Pipe & Flow
Left-to-right function chaining
Piping Values
Pass a value through a sequence of functions, executing left-to-right. Each function receives the output of the previous one. Unlike compose, pipe executes immediately and returns the final value.
from better_py.functions import pipe
result = pipe(5,
lambda x: x + 1, # 6
lambda x: x * 2 # 12
)The value 5 flows through each transformation. Use pipe for one-off transformations where you don't need to reuse the pipeline.
Creating Reusable Pipelines
Create a reusable pipeline from a sequence of functions. Returns a function that, when called, executes the pipeline on the input.
from better_py.functions import flow
process = flow(
lambda x: x + 1,
lambda x: x * 2
)
process(5) # 12
process(10) # 22Like pipe but returns a function instead of executing immediately. Use flow when you need to apply the same transformation to multiple values.
Making Functions Pipeable
Mark a function as usable in pipe operations. The pipeable decorator adds a marker that indicates the function is designed to work with pipes.
from better_py.functions import pipe, pipeable
@pipeable
def add_one(x):
return x + 1
@pipeable
def double(x):
return x * 2
pipe(5, add_one, double) # 12The decorator makes your intent clear and enables tooling to recognize pipeable functions.
Collection Pipeline
Builder interface for collection operations. Chain methods like map, filter, and reduce before executing on a collection.
from better_py.functions import Pipeline
result = (Pipeline()
.map(lambda x: x * 2)
.filter(lambda x: x > 0)
.execute([1, -2, 3])) # [2, 6]Each method returns the Pipeline object for chaining. Call execute() with your collection to run the pipeline.
The Pipeline also supports the pipe operator (|) syntax:
from better_py.functions import Pipeline
pipeline = Pipeline().map(lambda x: x * 2)
result = pipeline | (lambda x: [i for i in x if i > 0])
# Execute with: result.execute([1, -2, 3])Example: Data Processing
Here's a realistic data processing pipeline:
from better_py.functions import pipe
def parse(text):
return int(text)
def validate(n):
return n if n > 0 else None
def format(n):
return f"Value: {n}"
result = pipe("42", parse, validate, format)The input is parsed, validated, then formatted.

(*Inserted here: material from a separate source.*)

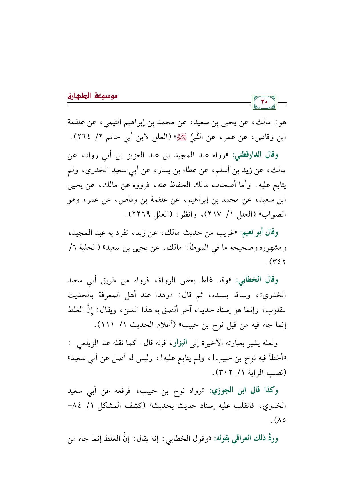 وقال الدارقطني: «رواه عبد المجيد بن عبد العزيز بن أبي رواد، عن مالك، عن زيد بن أسلم، عن عطاء بن يسار، عن أبي سعيد الخدري، ولم يتابع عليه. وأما أصحاب مالك الحفاظ عنه، فرووه عن مالك، عن يحيى بن سعيد، عن محمد بن إبراهيم، عن علقمة بن وقاص، عن عمر، وهو الصواب» (العلل ١/ ٢١٧)، وانظر: (العلل ٢٢٦٩).

Each step is isolated and testable.
Reference
| Function | Purpose | Returns |
|---|---|---|
pipe | One-off transformation | Value |
flow | Reusable pipeline | Function |
pipeable | Mark function as pipeable | Decorator |
Pipeline | Collection operations | Builder |
Use pipe for single transformations, flow for reusable transformations, pipeable to mark functions designed for piping, and Pipeline for working with collections.